Silver deficit set to continue in near term, analyst says

Silver is expected to remain in structural deficit for another year, supported by resilient investment demand and exceptionally low inventory levels, according to RBC Capital Markets, although the brokerage maintains a preference for gold over the medium term.

“Silver is entering its eighth deficit year with inventories at an all-time low and investment demand showing no signs of abating,” RBC analyst Marina Calero said in a research note, adding that a rapid rebalancing of the physical market appears unlikely.

Calero noted that the silver market ended 2025 with a supply shortfall of 242 million ounces (Moz) and forecasts that the market will remain undersupplied through 2026.

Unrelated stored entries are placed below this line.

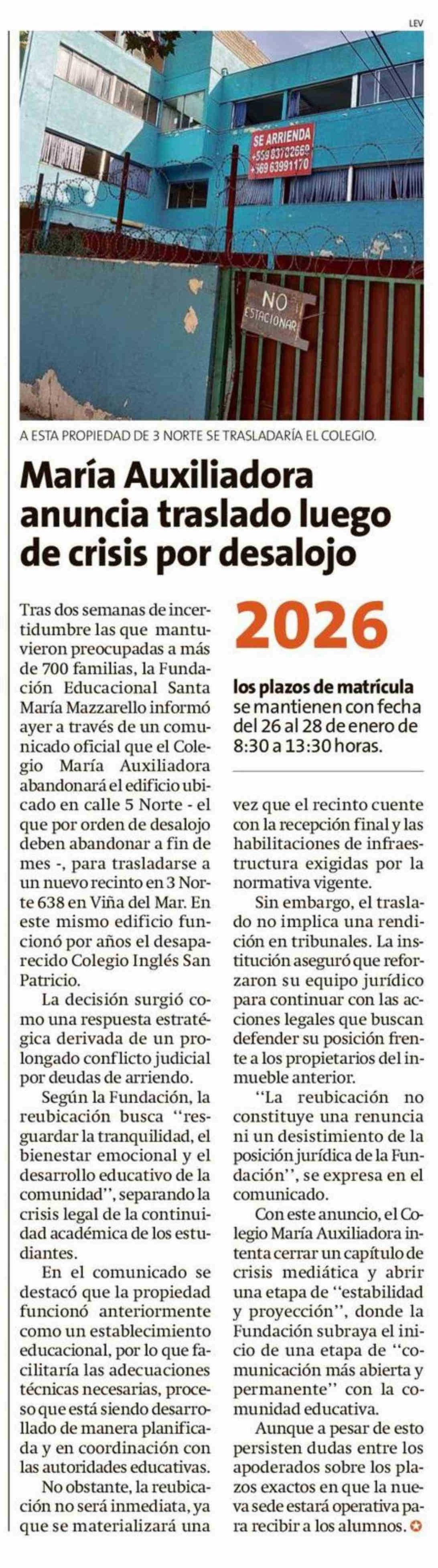 María Auxiliadora anuncia traslado luego de crisis por desalojo 24-01-2026 La Estrella de Valparaíso |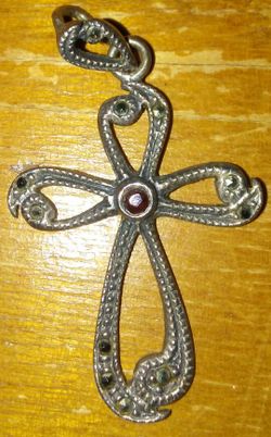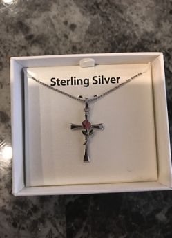 Cross with painted rose sterling silver pendant 45.7 cm ... necklace 18" inches $30$30Palmdale, CA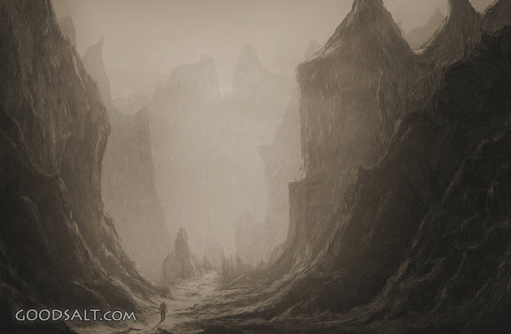 Valley of Death Psalm 23:4 walk, travel, landscape, dark, nature, hike, ominous, mountain, rock, cliff, scary, man, afraid, alone, storm, death, valley, sepia PROJECTION - License for PowerPoint™ PRINT – buy a print of this picture; optional frame Bible Hub |

While higher prices could encourage some supply and demand adjustments, the analyst expects only limited improvement. Increased secondary supply and softer demand from jewellery and silverware segments could reduce the deficit by around 50Moz, but this would still fall short of closing the gap.

Mine production is also unlikely to increase materially in the short term due to permitting challenges, aging operations and a lack of significant new discoveries, Calero said.

She added that supportive macroeconomic conditions should continue to underpin investment demand, pointing to the “right macro ingredients” — including a weaker U.S. dollar, sustained appetite for real assets and more accommodative monetary policy.

Calero expects the gold-to-silver ratio to remain in a range of roughly 60–65x over the next few years as tight physical market conditions persist. However, she adopts a more cautious stance on silver over the medium term, highlighting growing risks to industrial demand, particularly from the solar sector.

Industrial demand “remains the biggest question mark,” Calero stressed. Industrial applications accounted for around 60% of total silver consumption in 2025, and silver now represents approximately 30% of average solar cell production costs, encouraging accelerated thrifting and substitution efforts.

Despite supportive near-term dynamics, RBC ultimately favours gold producers. Nevertheless, the brokerage said silver equities “remain attractively valued compared to the broader market,” even though many stocks already reflect optimistic assumptions for silver prices.

“With solar accounting for 17% of the total demand (c.190Moz of demand in 2025) a silver-free solar technology could be the final cure to high prices,” the analyst wrote.

Looking at equities, Calero identified Hochschild Mining and Coeur Mining among her preferred names, while Wheaton Precious Metals and OR Royalties stand out within the royalty segment.

“Silver equities’ premium to gold producers is above the historical average, with producers in our coverage pricing in $100/oz, and royalties at $144/oz, above spot levels of $90/oz. Valuation, coupled with our higher expected upside in gold, leaves us favouring pure-gold producers,” she wrote.

Even so, the analyst noted that the silver sector continues to screen attractively relative to the broader equity market despite recent underperformance compared with the underlying metal.